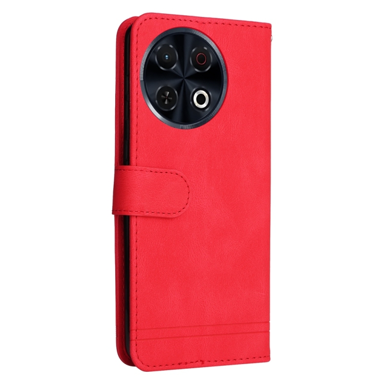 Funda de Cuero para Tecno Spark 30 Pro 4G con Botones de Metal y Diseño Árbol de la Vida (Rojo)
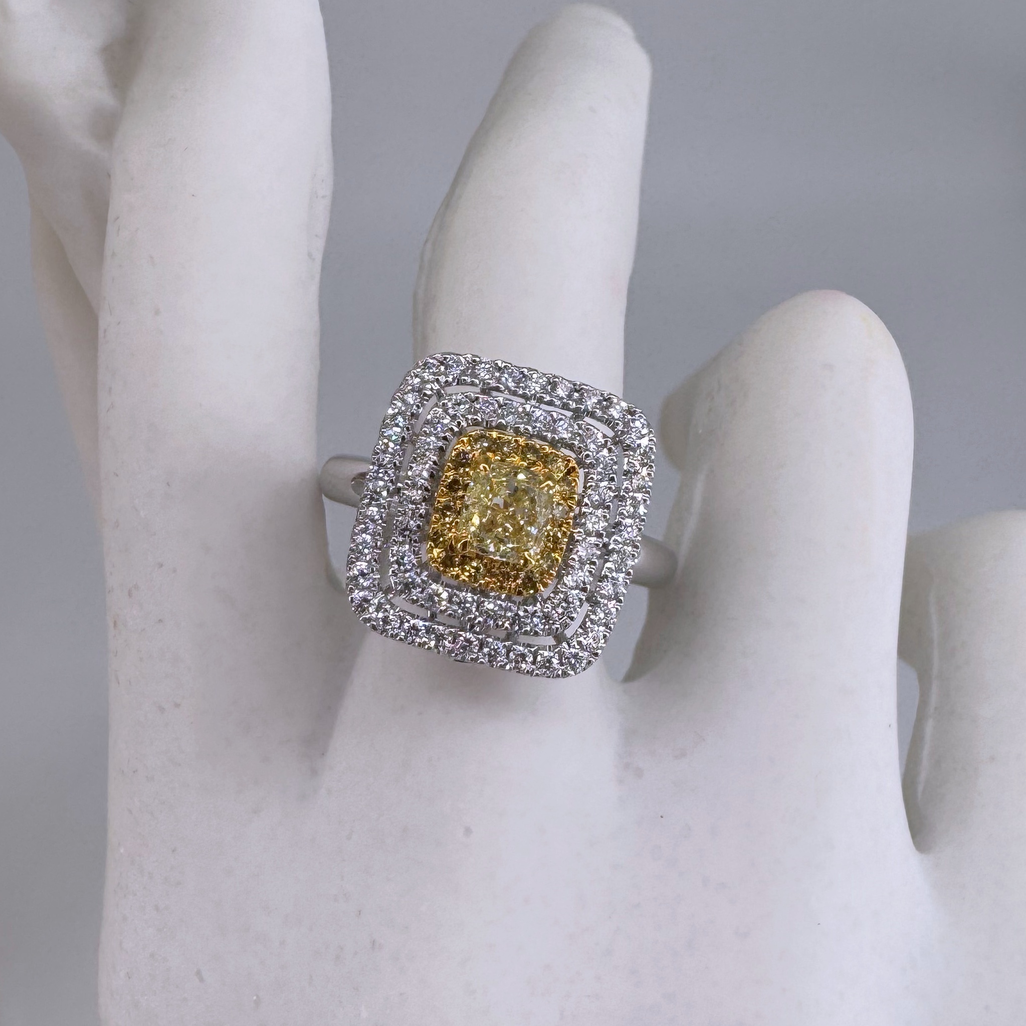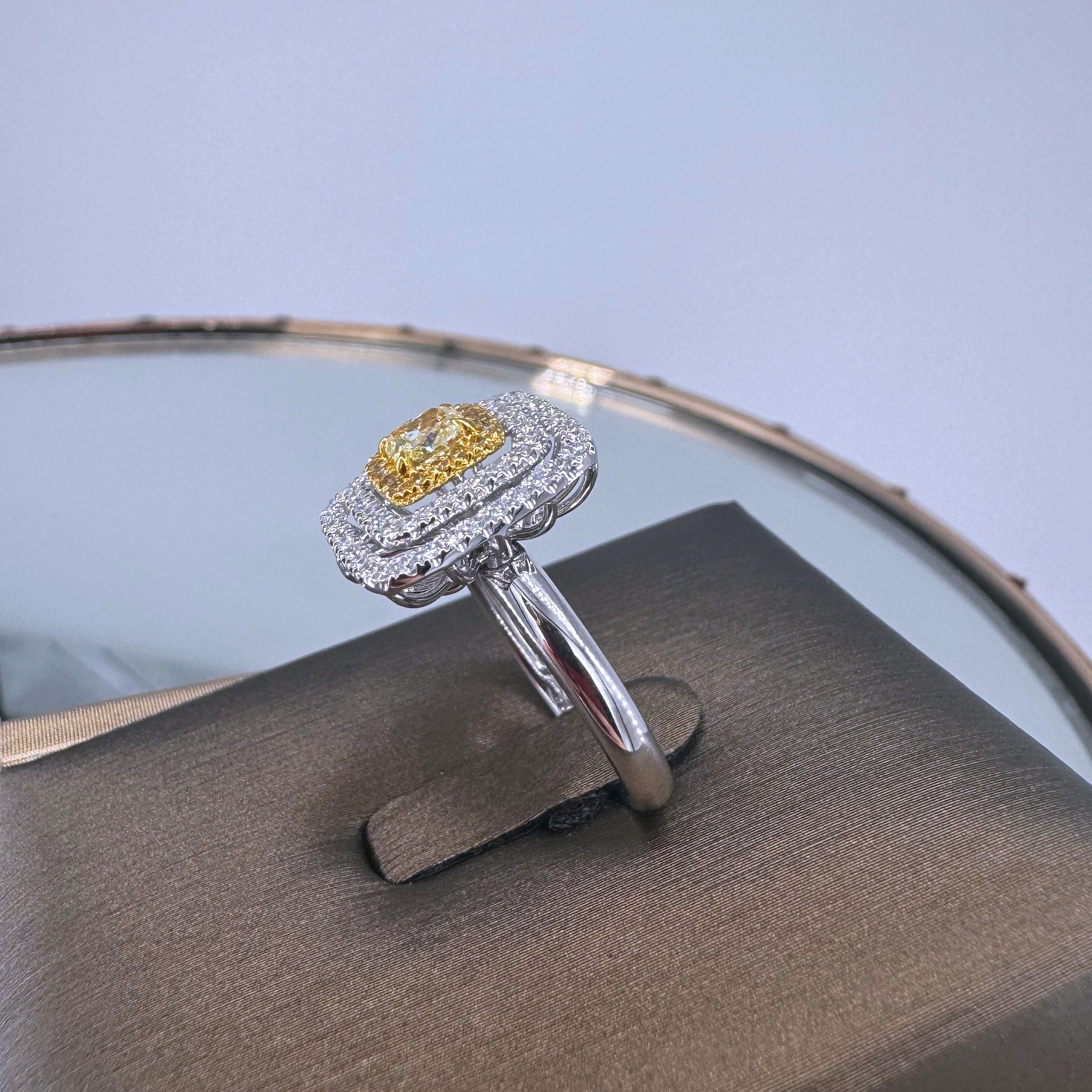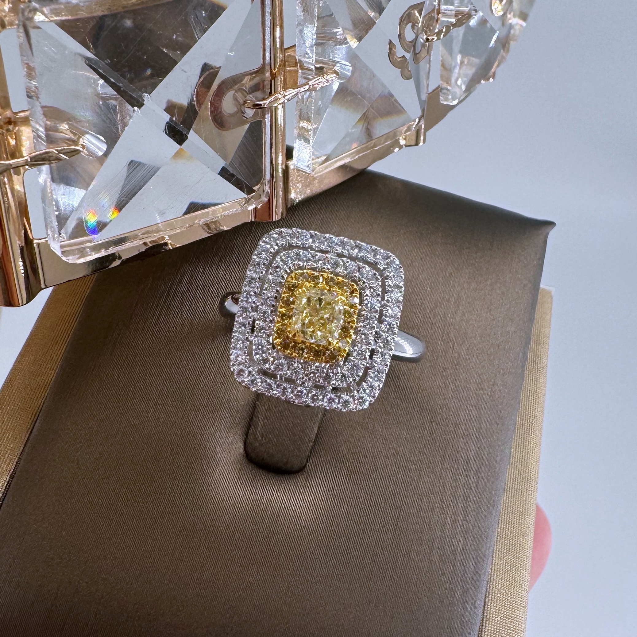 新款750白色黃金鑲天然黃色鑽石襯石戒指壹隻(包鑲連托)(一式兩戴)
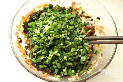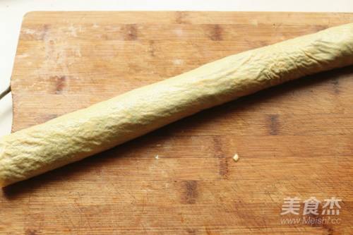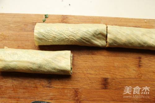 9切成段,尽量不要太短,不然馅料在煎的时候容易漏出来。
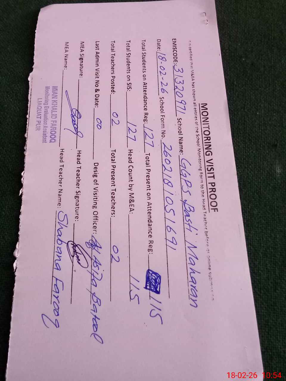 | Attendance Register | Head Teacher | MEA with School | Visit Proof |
::::::
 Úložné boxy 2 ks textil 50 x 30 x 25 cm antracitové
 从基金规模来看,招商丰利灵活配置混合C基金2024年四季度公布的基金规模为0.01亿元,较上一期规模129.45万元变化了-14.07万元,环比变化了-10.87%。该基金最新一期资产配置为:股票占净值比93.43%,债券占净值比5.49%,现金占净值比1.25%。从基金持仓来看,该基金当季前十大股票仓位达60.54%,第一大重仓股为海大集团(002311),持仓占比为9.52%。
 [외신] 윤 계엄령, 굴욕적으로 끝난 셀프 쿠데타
::::::
YOUR OBJECTIVE: Copy back the listing above exactly, but only from the line with "Úložné boxy 2" through the line with "[외신] 윤 계엄령, 굴욕적으로 끝난 셀프 쿠데타", both ends included.

ANSWER SPACE:
 Úložné boxy 2 ks textil 50 x 30 x 25 cm antracitové
 从基金规模来看,招商丰利灵活配置混合C基金2024年四季度公布的基金规模为0.01亿元,较上一期规模129.45万元变化了-14.07万元,环比变化了-10.87%。该基金最新一期资产配置为:股票占净值比93.43%,债券占净值比5.49%,现金占净值比1.25%。从基金持仓来看,该基金当季前十大股票仓位达60.54%,第一大重仓股为海大集团(002311),持仓占比为9.52%。
 [외신] 윤 계엄령, 굴욕적으로 끝난 셀프 쿠데타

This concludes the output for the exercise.